# Is this ok?



## Edm (Feb 27, 2015)

My kids both play Upward Basketball. This is a Christ Centered basketball league, run by churches..I am assuming most are Baptist. They memorize verses etc... Anyways..tonight they had the grand ending ceremonies. They were at a large Baptist church in town. ( I am not knocking Baptist, just saying). The event was held in the sanctuary. It was a nascar theme. What got me...literally stopped me in my tracks and made my stomach knot up...was they were blasting Guns N Roses " welcome to the jungle " as a song to get everyone excited. In the sanctuary... Would you have had a problem with this? Or am I being to picky?


----------



## BGF (Feb 27, 2015)

I don't think you're being picky. I would have had a problem with it. The lyrics alone are antithetical to what good sportsmanship and Christian living are all about.


----------



## Edward (Feb 27, 2015)

Edm said:


> In the sanctuary



The very idea of a 'Sanctuary' is contrary to Presbyterian thought. Unlike Catholics, we don't have sacred spaces. The church is the people, not the room. Perhaps the Baptists understand this.


----------



## Free Christian (Feb 28, 2015)

Obviously they didn't think it through at all. Have you seen the artwork for their album covers? ( Appetite for Destruction) A cross adorned with the images of the band members and one with a robot rapist standing over its bleeding victim. Sick to say the least. Then there is the lyrics themselves. A poorer than poor choice of music for a Christian gathering.
Your not being picky at all. That's appalling.


----------



## aadebayo (Feb 28, 2015)

This is a classic example of having the world in the church. This is sinful. James 4 tells us that friendship with the world is enemity with Christ. You are definitely not being picky.


----------



## Edward (Feb 28, 2015)

Free Christian said:


> A poorer than poor choice of music for a Christian gathering.





aadebayo said:


> This is a classic example of having the world in the church.

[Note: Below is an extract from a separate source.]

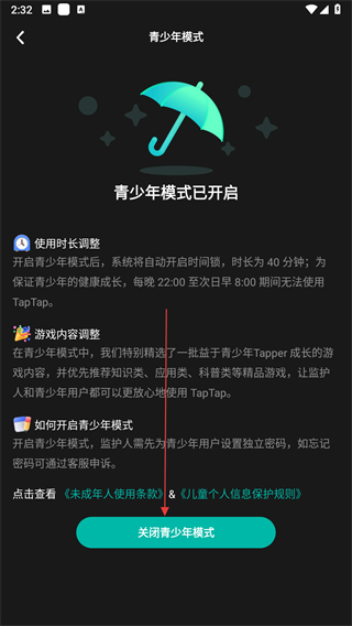 4、进入青少年模式页面后,点击关闭青少年模式按钮。

That's the attitude that I was trying to oppose. The words are either appropriate or inappropriate at all times and in all places. The fact that it was in a room used for worship at other times is not really relevant to the analysis. I agree that there are inappropriate lyrics in that song - we shouldn't endorse it being played at any time and at any place. But the room where it was played this time isn't sacred. The wrong question is being asked, and answered.


----------



## BGF (Feb 28, 2015)

Edward said:


> Free Christian said:
> 
> 
> > A poorer than poor choice of music for a Christian gathering.
> ...



I can appreciate the the very important point that you are making, but let's not be too hard just because the question and answers weren't nuanced enough to convey that point. The broader issue is the allowed intrusion of worldliness into a gathering of the "sacred" as far as the visible church is concerned, is exacerbated by the fact that it was an explicitly christian gathering. 

If I have time, I may start another thread to explore this. It's an important and fascinating, at least to me, subject.


----------